Patterns of plasma glucagon dynamics do not match metabolic phenotypes in young women.
J Clin Endocrinol Metab. 2017 Dec 13;:
Authors: Gar C, Rottenkolber M, Sacco V, Moschko S, Banning F, Hesse N, Popp D, Hübener C, Seissler J, Lechner A
Abstract
Context: The role of hyperglucagonemia in type 2 diabetes is still debated.
Objective: We analyzed glucagon dynamics during oral glucose tolerance testing (oGTT) in young women with 1 out of 3 metabolic phenotypes: healthy control (normoglycemic after a normoglycemic pregnancy); normoglycemic high-risk (normoglycemic after a pregnancy complicated by gestational diabetes); and prediabetes/screening-diagnosed T2D. We asked if glucagon patterns were homogeneous within the metabolic phenotypes.
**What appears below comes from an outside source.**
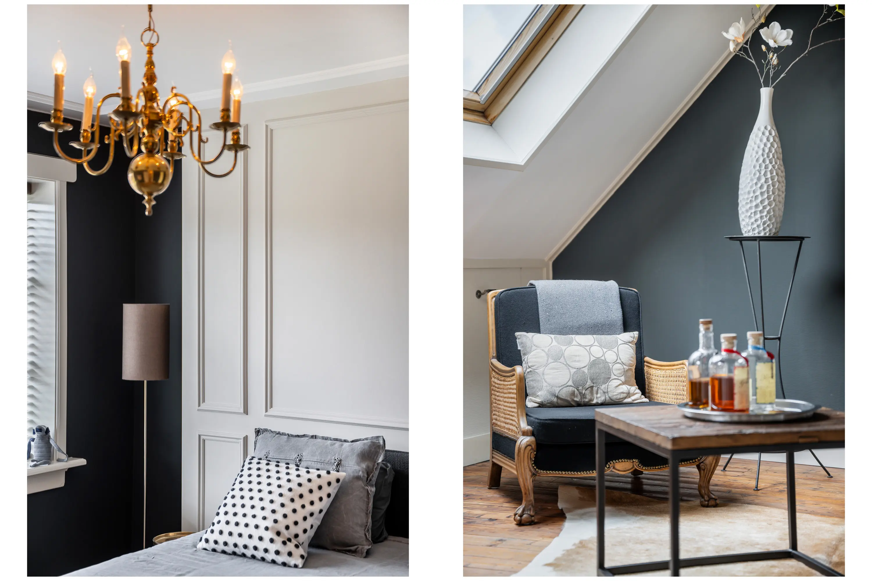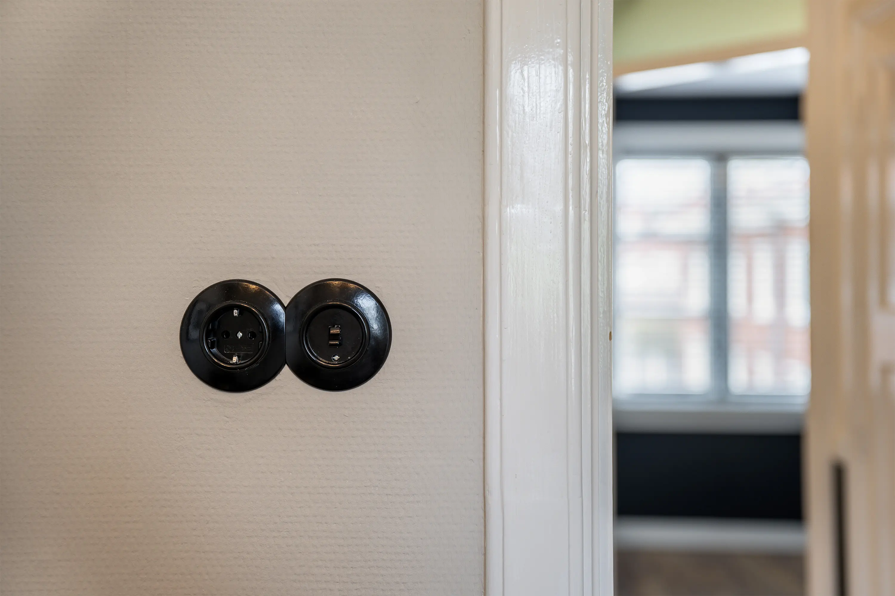 - Door de hele woning zijn nieuwe wandschakelaars en stopcontacten geplaatst in bakeliet jaren ’30-stijl. Ook het deurbeslag is volledig in deze klassieke stijl uitgevoerd;

Design and Setting: 5-point oGTT; sandwich ELISA for glucagon; functional data analysis with unsupervised clustering.
Participants: Cross-sectional analysis of 285 women from the mono-center observational study PPSDiab ("Prediction, Prevention and Subclassification of gestational and type 2 Diabetes"), recruited between November 2011 and May 2016.
Results: We found 4 patterns of glucagon dynamics that did not match the metabolic phenotypes. Elevated fasting glucagon and delayed glucagon suppression was overrepresented with prediabetes/diabetes, but this was only detected in 21% of this group. It also occurred in 8% of the control group.
Conclusions: We conclude that hyperglucagonemia may contribute to type 2 diabetes in a subgroup of affected individuals but that it is not a sine qua non for the disease. This should be taken into account in future pathophysiological studies and when testing pharmacotherapies addressing glucagon signaling.